Is this covered? How many units would you give?

Specialties Endocrine

Published

Specializes in Peds ED, Peds Stem Cell Transplant, Peds.

The insulin ordered reads 1u of Novalog for every 100 points over 100 blood sugar. Give 1u per every 25g carbs.

The blood sugar was 470, carbs eaten 79g.

Dose I administered was 6u.

Coworkers are suggesting I give 6.5u. I disagree because there was not order for the .5u, and rounding up was never ordered.

BTW I am new and don't know the endocrine doctors that well, to assume anything.

What do you say?

I think you did the right thing. I take much more than that, but each person is different. Have you rechecked the pt's sugar yet?

Best wishes - you are doing just fine!

Specializes in Peds ED, Peds Stem Cell Transplant, Peds.

This was a petite 8yr 18kg peds patient

Specializes in Hospital Education Coordinator.

I agree with you. ALways better to under dose and go exactly by the MD order. BTW, the MD order is not really clear anyway. Give per glucose level or by carbs? I generally recommend a FIXED dose of rapid acting at meals PLUS more if level greater than 120. This is per ADA in-hospital treatment recommendations, but of course every patient has special needs. I still agree with you

I think the way the order is written includes what we would call at the hospital where I work Meal+Correction. The correction is for the high CBG and then the meal order is to cover the carbs that will be consumed. It is worded in a way I'm not familiar with, but I see where they're coming from.

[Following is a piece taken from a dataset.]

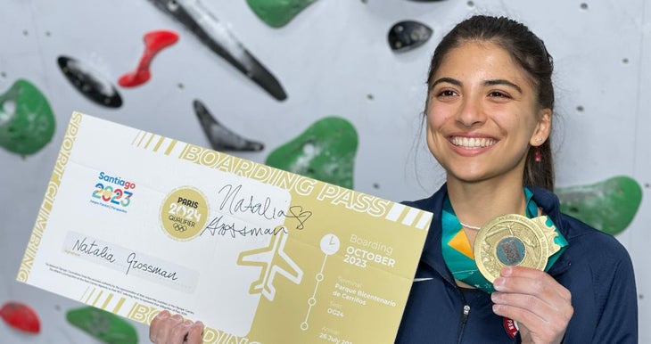 Natalia Grossman garnered an Olympic berth after taking the crown in the women’s boulder and lead combined. The 22-year-old Salt Lake City-based climber earned 172.4 points, while teammates Brooke Raboutou and Anastasia Sanders placed second and fourth with 165.4 and 115.1 points, respectively. After the bouldering portion, Grossman held nearly a 15 point advantage; despite a strong performance from Raboutou in lead, Grossman maintained her edge for the gold. Following a disappointing World Championships in Bern, Grossman reevaluated her training and approach to climbing. “I cut my training in half. And I just focused on a lot more things besides climbing. And so in this case, less was more for me,” she says. Grossman attributes her success in Santiago to her mindset, “One day at a time, one boulder at a time, one move at a time. After a really good semi-final round, I felt more confident and I felt like myself … There was nothing left to lose and I was just able to give it everything I had,” she says.

You did right kidrn911. Give insulin in whole unit doses, not rounding up, unless MD notes otherwise.

Worst thing that will happen by not giving the extra .5u is that her blood sugar will be slightly higher at next reading.

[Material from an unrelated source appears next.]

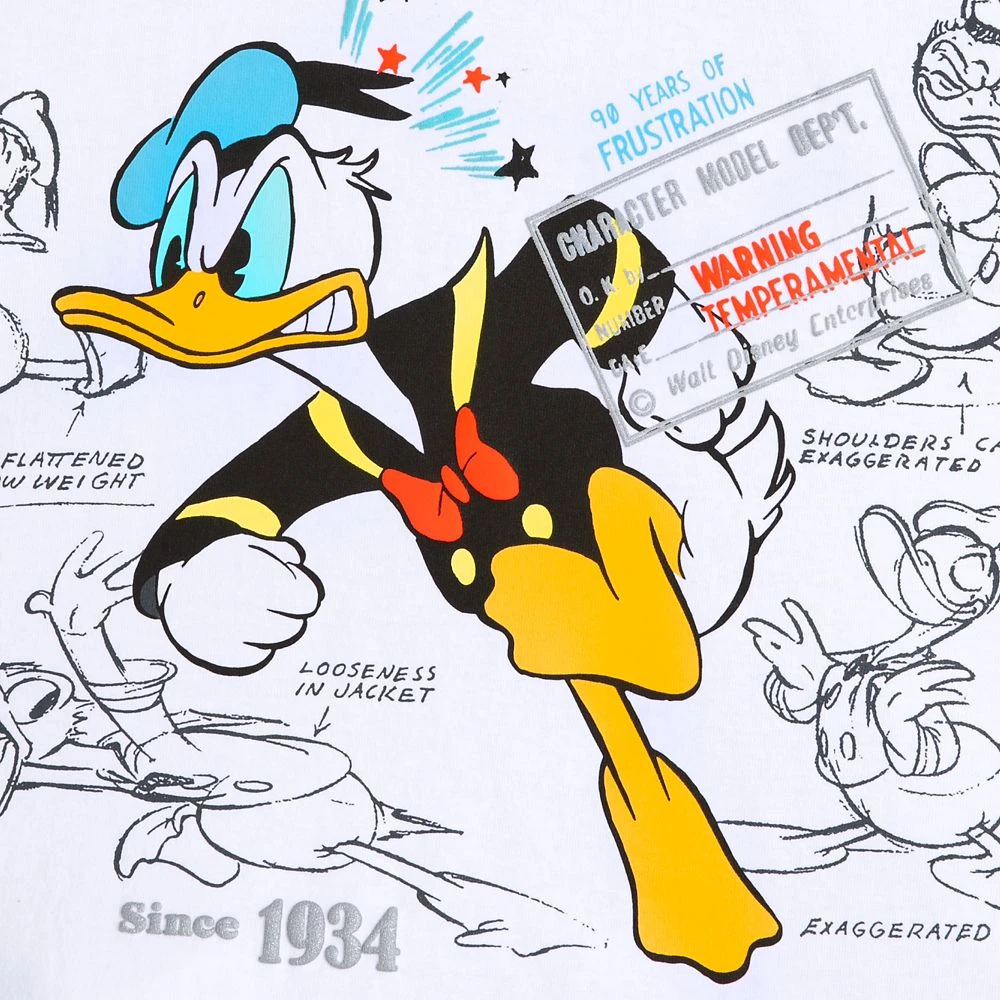 Celebrate 90 years of frustration and ruffled feathers in this commemorative Spirit Jersey honoring longtime cartoon favorite Donald Duck on his nine decade anniversary. Puffy accents and vintage Disney Studios art display Donald through the years on front, back and sleeve.

You did right kidrn911. Give insulin in whole unit doses, not rounding up, unless MD notes otherwise.

Worst thing that will happen by not giving the extra .5u is that her blood sugar will be slightly higher at next reading.

Like mammac5 said, this is meal+corrections dosing, which is what most type 1 diabetics (and some insulin dependent type 2s) do to manage blood sugar.